Marchez, et vous parviendrez au but’’, nous dit-on.
Un nombre incalculable de pèlerins et d’élèves ont sillonné la Terre, ses routes principales et
ses chemins de traverse, à la recherche de la vérité, la vérité sur eux-mêmes et sur le scénario
et la lutte dans laquelle ils ont été poussés. Le cheminement des patients à la recherche d’une
guérison jusqu’aux portes des sages s’est poursuivi tout au long de l’Histoire. L’homme ne
peut pas trouver la paix jusqu’à ce qu’il comprenne la vérité de tout ce qui suscite
l’émerveillement, l’admiration respectueuse, l’empathie, la révérence, la curiosité et la peur. Il
recherche l’unité et la cohérence, l’harmonie et la beauté. Il veut connaître les choses, telles
qu’elles sont réellement, pas comme elles paraissent ou feignent d’être.
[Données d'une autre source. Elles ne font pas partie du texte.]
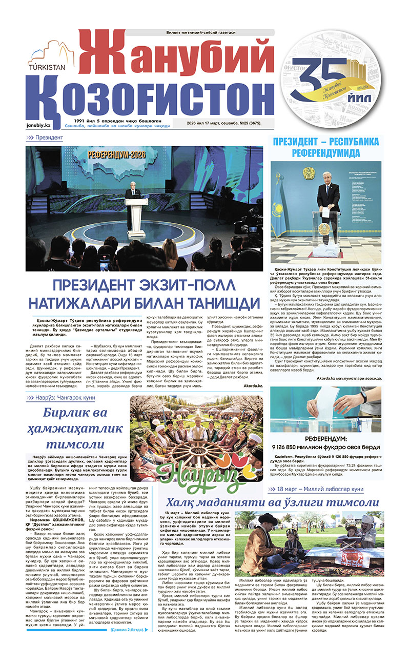 ©Мулк эгаси-"Жанубий Қозоғистон"газетаси.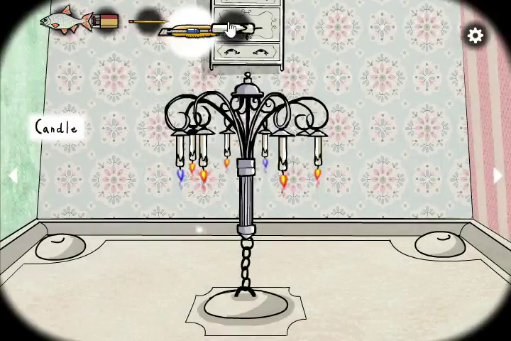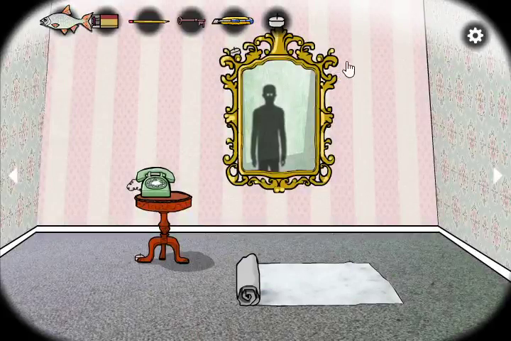 The game starts with the player looking around a mostly-empty room drawn at odd angles, where they are left to their own devices. We plunge into surrealist puzzles very early on, and the only real hints the player is given to their solutions come from the ever-chatty telephone. The general gameplay loop went on to inspire Seasons: find five of a certain object (candles, shells, and so on, instead of photographs like in Seasons) and then find one key object to complete a ritual of sorts to move on to the next stage. In Samsara Room, this involves moving through a rusty, iris porthole the player discovers in the wall at one point, after which the player transforms into some other lifeform, and has to re-explore the room from this new perspective (the game filling the room with water for your transformation into a fish!).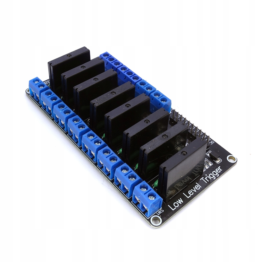 Модуль із 8 напівпровідникових реле, керованих низьким рівнем. Вони не мають механічних контактів, що забезпечує довший термін служби модуля та безшумне перемикання. Має світлодіоди, що сигналізують про активацію окремих каналів.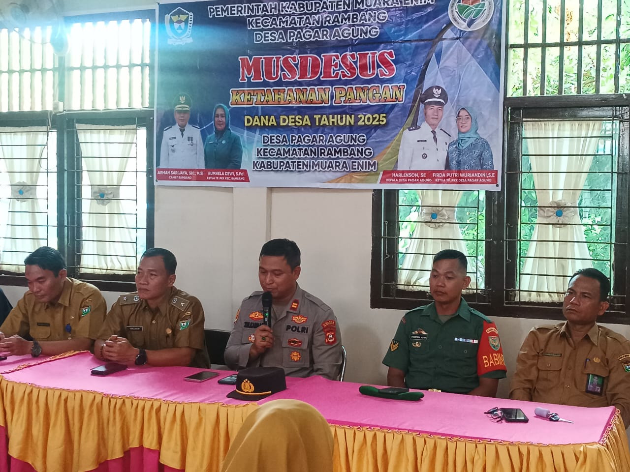 MUARA ENIM – kompaslink.com| Kapolsek Rambang IPTU Zulkarnain Afianata, ST, M.Si, MH menghadiri Musyawarah Desa Khusus (Musdesus) yang membahas program ketahanan pangan Dana Desa…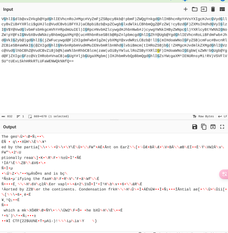 结尾等于号 猜测是base64 虽然其中有很多不属于64的字符,但尝试赛博厨子解码先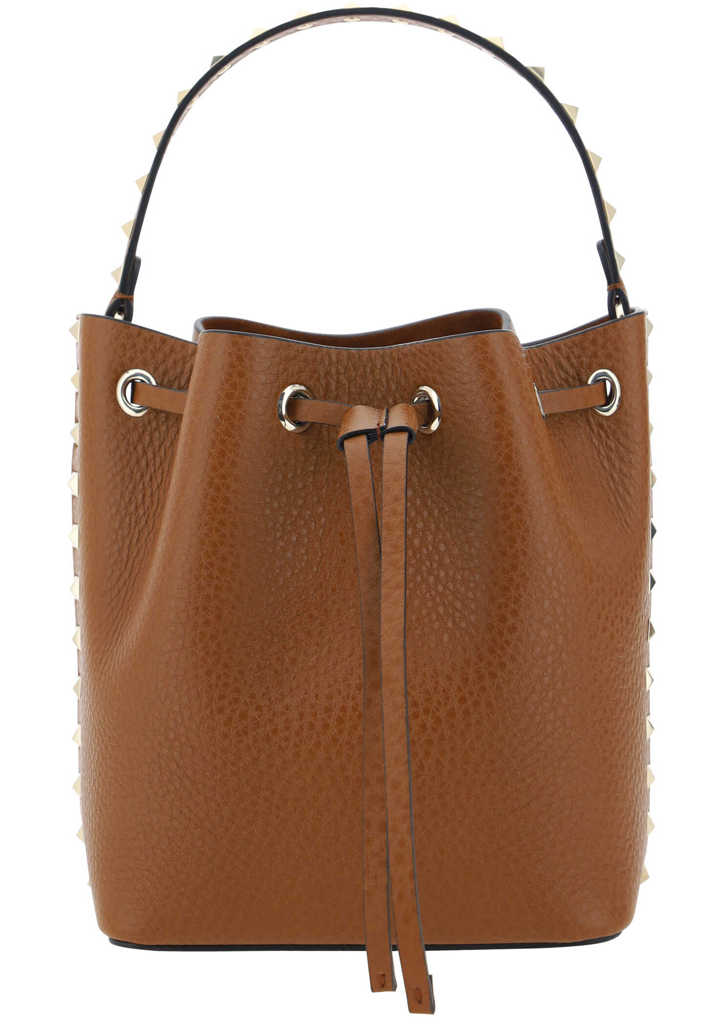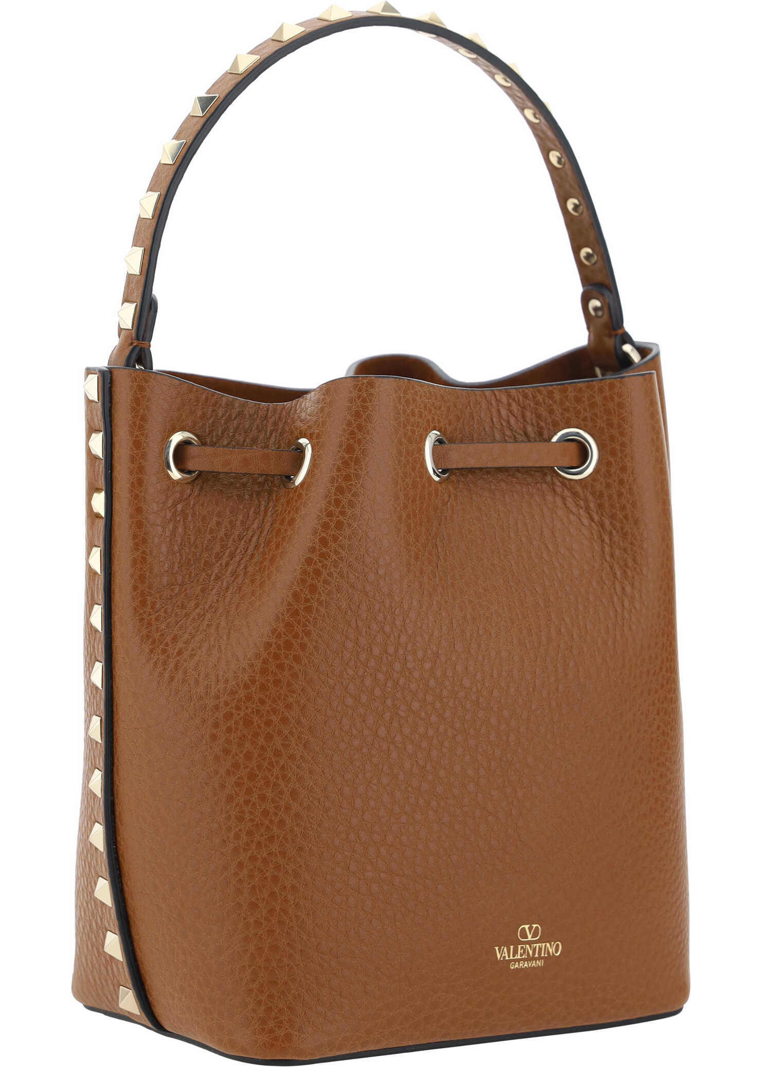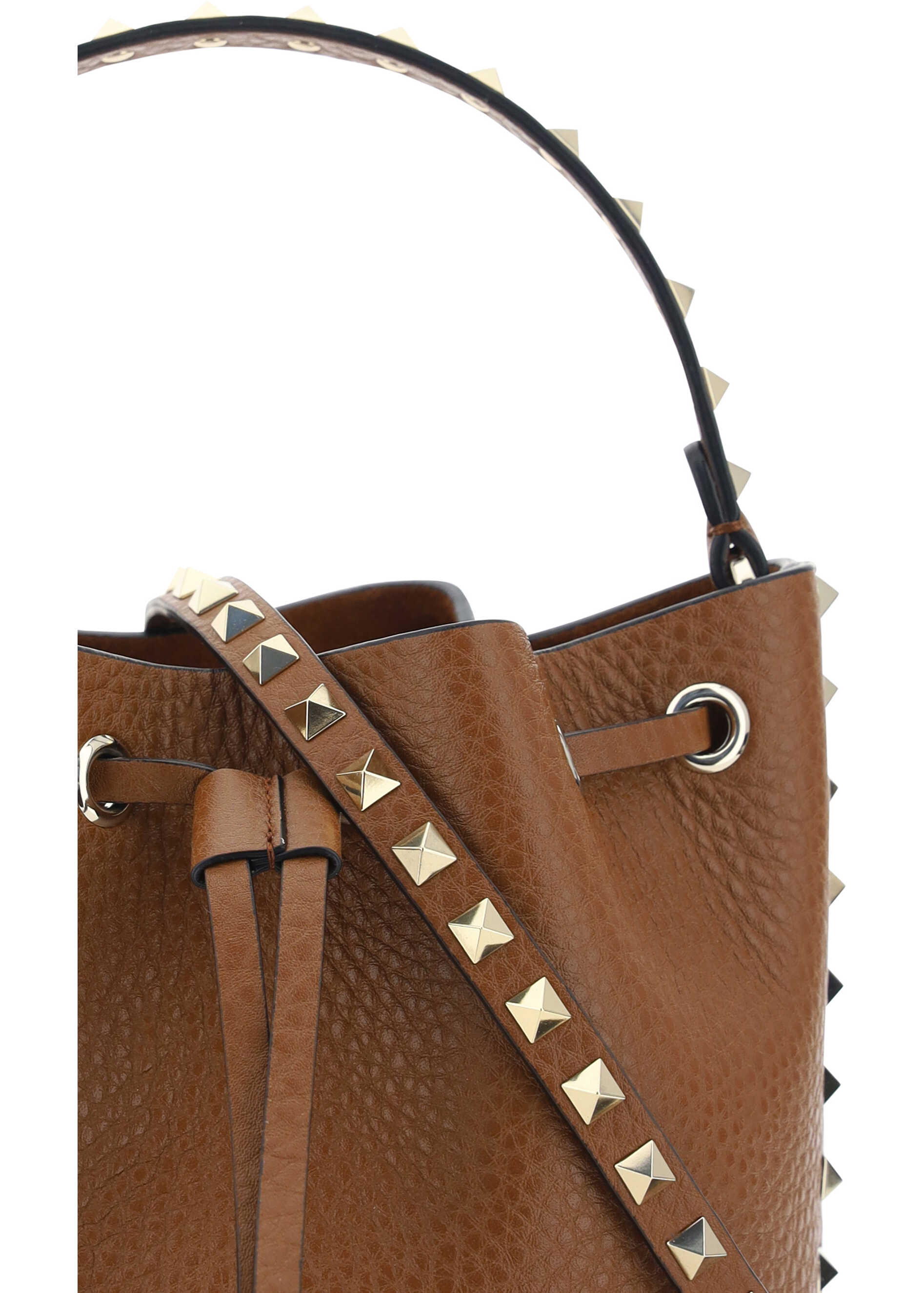 Calfskin Rockstud Bucket Bag by Valentino Garavani, top closure via leather drawstring, single top handle embellished with the brand's iconic metal studs, profiles embellished with Rockstud studs, single lined interior compartment, garnet leather design.

Fort heureusement, il y a un bon côté à l’histoire du périple de l’homme jusqu’à la Vérité. Des
prophètes, des sages et des saints, des maîtres et des messagers sont apparus parmi tous les
peuples et ils ont appris aux hommes, par le précepte et par l’exemple, la vérité qui peut les
libérer. La Conscience cosmique Elle-même, quand Elle perçoit l’embrouillement et la
frustration de Ses parts, décide de se mouler en une forme qui peut circuler parmi les hommes
et les pousse chez eux, vers Elle-même. Cette forme se reconnaît en tant qu’Avatar, une
particularisation de l’Absolu. L’Avatar apparaît pour combler le besoin ressenti et c’est ainsi
que sa sagesse, que Son amour, que Son pouvoir et que Sa compassion se répandent sur tous
ceux qui ont besoin d’eux. Il se soucie de tous les hommes et même de tous les êtres vivants
et également de la matière inanimée.
Car, comme Swami le dit : ‘’Sarvam Brahmamayam, tout est issu de Brahman, le vaste océan
qui produit des ondulations, des vaguelettes, des vagues, de l’écume, des flocons de neige et
des icebergs. L’atome est une réplique de l’énergie cosmique ; la cellule est un écho de la
volonté cosmique. ‘’Vasudeva est tout’’, déclare la Gita, sans exception. Le Rig Veda
proclame : ‘’Tout ceci est Purusha Lui-même, tout ce qui a été et tout ce qui sera.’’ Ceci est la
Vérité. Le Rudra Adhyaya du Yajur Veda enjoint à l’homme d’adorer 238 entités
représentatives de Dieu, illustrant ainsi qu’il n’y a rien, à l’exception de Dieu. (La Katha
Upanishad condamne ceux qui voient le cosmos comme étant multiple et non comme
Brahman, fondamentalement ; ils doivent laborieusement progresser, vie après vie, jusqu’à ce
qu’ils réalisent leur erreur).
Rudra, le Nom qui est donné à Dieu, est décrit dans les textes védiques, comme le Motivateur
installé dans tous les cœurs, le Pourvoyeur, le Sauveur de l’univers, qui est la forme qu’Il a
Lui-même assumée. Il s’identifie aux dirigeants, aux intermédiaires et aux modestes ; aux
grands, aux petits et aux corpulents ; aux anciens, aux jeunes et aux très jeunes ; aux sages,
aux curieux et aux médiocres. Il est la pierre, le sable et la poussière ; la neige fondue, le
pollen et le gravillon ; l’ondulation, l’écume et la vague ; la rivière, le ruisseau, le lac et le
canal ; l’éclair, le nuage, l’averse et la pluie ; l’océan, l’île et le rivage. Rudra est la grande
route, le chemin, la piste. Il est le germe, la pousse, les feuilles, les insectes nuisibles, les
oiseaux multicolores, l’arbre et le bois. Il est le commerçant, le fermier ou l’éleveur. Il est
l’étable et la récolte, la nourriture et le cuisinier. Il est l’agriculteur des terres fertiles et des
terres arides. Il est l’homme brave et redoutable qui se bat dans les tranchées, à découvert, à
l’aide de missiles, de flèches, de lances et à coups d’épée. Il est le guerrier que les duels
enchantent, qui charge sur son char avec son casque et sa cotte de maille. Il est le fantassin, le
cavalier, le maître-chien et ceux qui suivent. Il est l’éclaireur, le messager, le forgeron, le
charpentier, le chasseur, le guérillero rusé, l’escroc et le brigand, le leurre et l’imitateur.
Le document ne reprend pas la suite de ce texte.